ACTIVITY =
Could you print each line of the material below exactly?

DATA SHOWN =
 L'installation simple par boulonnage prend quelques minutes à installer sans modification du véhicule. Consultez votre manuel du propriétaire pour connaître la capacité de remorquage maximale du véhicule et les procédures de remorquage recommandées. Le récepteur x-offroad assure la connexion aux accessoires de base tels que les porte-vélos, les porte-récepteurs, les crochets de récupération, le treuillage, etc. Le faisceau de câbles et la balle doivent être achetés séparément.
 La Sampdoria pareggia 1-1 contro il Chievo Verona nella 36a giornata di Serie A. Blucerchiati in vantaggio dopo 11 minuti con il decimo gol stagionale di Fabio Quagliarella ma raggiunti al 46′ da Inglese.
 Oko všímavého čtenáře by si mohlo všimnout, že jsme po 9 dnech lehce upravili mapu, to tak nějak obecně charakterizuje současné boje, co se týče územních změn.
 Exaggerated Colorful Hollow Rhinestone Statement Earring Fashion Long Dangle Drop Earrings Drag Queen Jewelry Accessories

SOLUTION TO THE EXERCISE =
 L'installation simple par boulonnage prend quelques minutes à installer sans modification du véhicule. Consultez votre manuel du propriétaire pour connaître la capacité de remorquage maximale du véhicule et les procédures de remorquage recommandées. Le récepteur x-offroad assure la connexion aux accessoires de base tels que les porte-vélos, les porte-récepteurs, les crochets de récupération, le treuillage, etc. Le faisceau de câbles et la balle doivent être achetés séparément.
 La Sampdoria pareggia 1-1 contro il Chievo Verona nella 36a giornata di Serie A. Blucerchiati in vantaggio dopo 11 minuti con il decimo gol stagionale di Fabio Quagliarella ma raggiunti al 46′ da Inglese.
 Oko všímavého čtenáře by si mohlo všimnout, že jsme po 9 dnech lehce upravili mapu, to tak nějak obecně charakterizuje současné boje, co se týče územních změn.
 Exaggerated Colorful Hollow Rhinestone Statement Earring Fashion Long Dangle Drop Earrings Drag Queen Jewelry Accessories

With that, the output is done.